Your answer should repeat exactly the lines from the one holding "会上,药学院副院长李会代表江" through the end of the data, and it should contain no pictures.

PROVIDED DATA ▸
============================================================

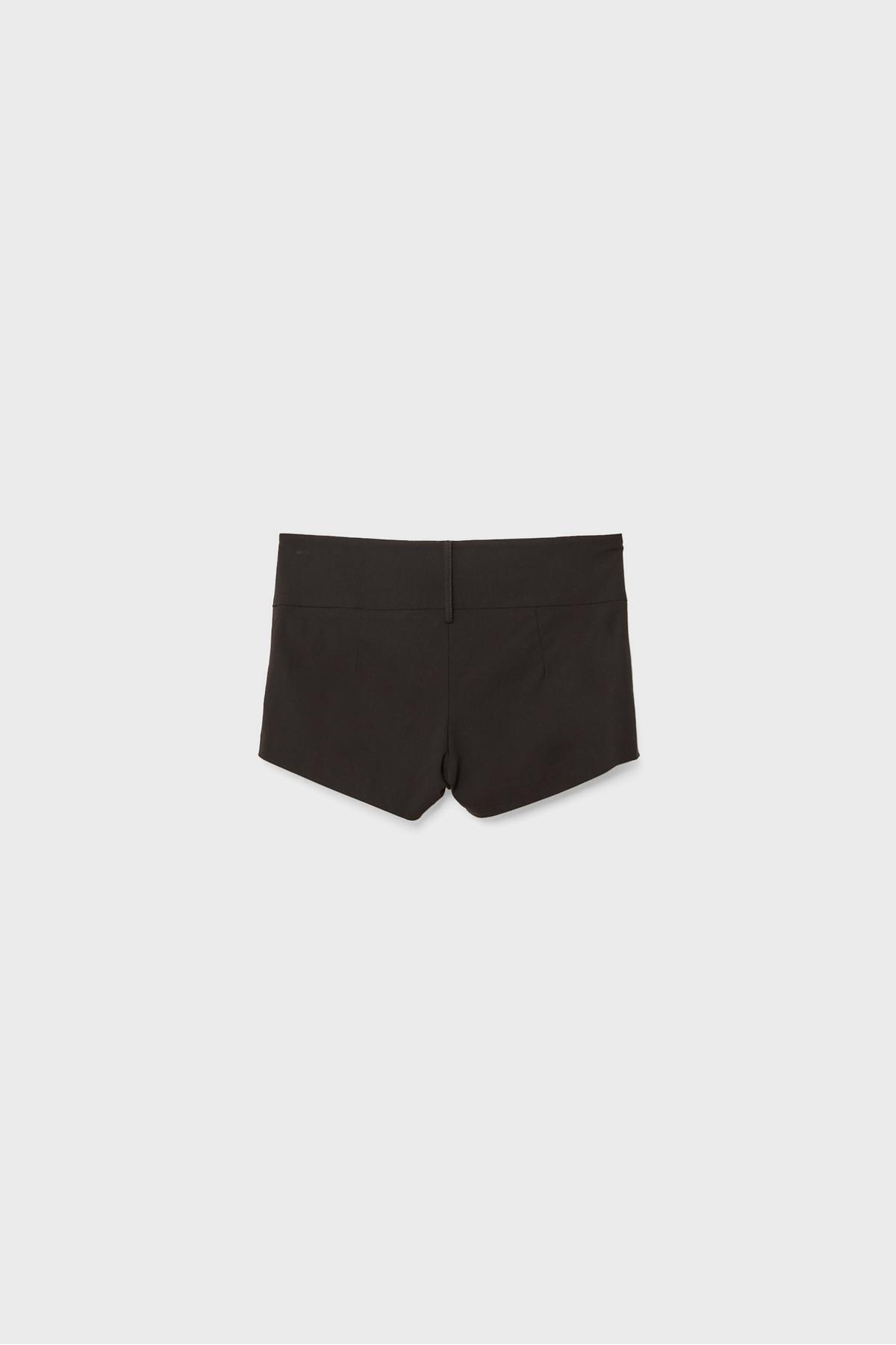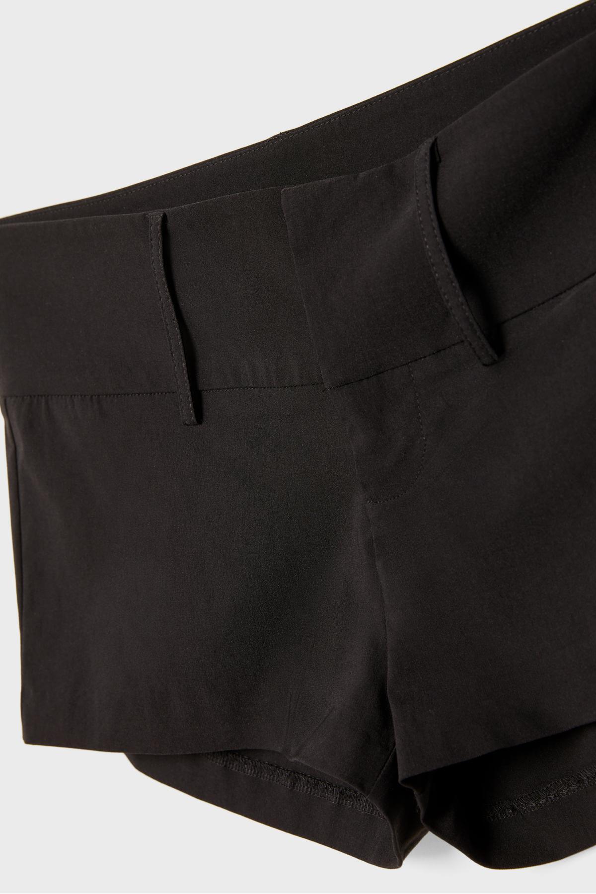 Kemer köprüsü detaylı, orta bel ve geniş belli mini şort.
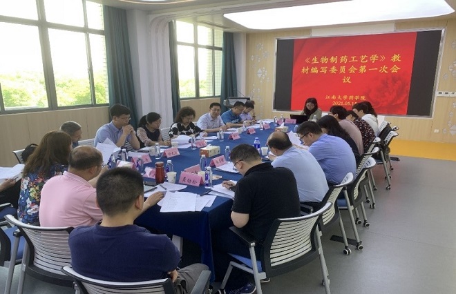 会上,药学院副院长李会代表江南大学药学院致欢迎词。主编江南大学教授史劲松、武汉轻工大学教授陈平分别就生物制药发展简史、本书撰写的主要内容、基本原则以及本书的撰写初衷和编委会的成立过程做概述报告。化学工业出版社编辑褚红喜就教材编写原则、注意事项、出版流程等细节做要求。本次编委会议详细讨论确定了《生物制药工艺学》的两个篇章、十八个章节的内容纲要,确认了《生物制药工艺学》编委会成员,并完成了任务分配和时间节点安排,正式启动该教材的编撰工作。
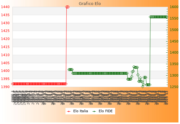 Elo FIDE: 1557    Migliore: 1557  (Dicembre 2025)    Peggiore: 1251  (Maggio 2023)

============================================================

THE ANSWER ▸
 会上,药学院副院长李会代表江南大学药学院致欢迎词。主编江南大学教授史劲松、武汉轻工大学教授陈平分别就生物制药发展简史、本书撰写的主要内容、基本原则以及本书的撰写初衷和编委会的成立过程做概述报告。化学工业出版社编辑褚红喜就教材编写原则、注意事项、出版流程等细节做要求。本次编委会议详细讨论确定了《生物制药工艺学》的两个篇章、十八个章节的内容纲要,确认了《生物制药工艺学》编委会成员,并完成了任务分配和时间节点安排,正式启动该教材的编撰工作。
 Elo FIDE: 1557    Migliore: 1557  (Dicembre 2025)    Peggiore: 1251  (Maggio 2023)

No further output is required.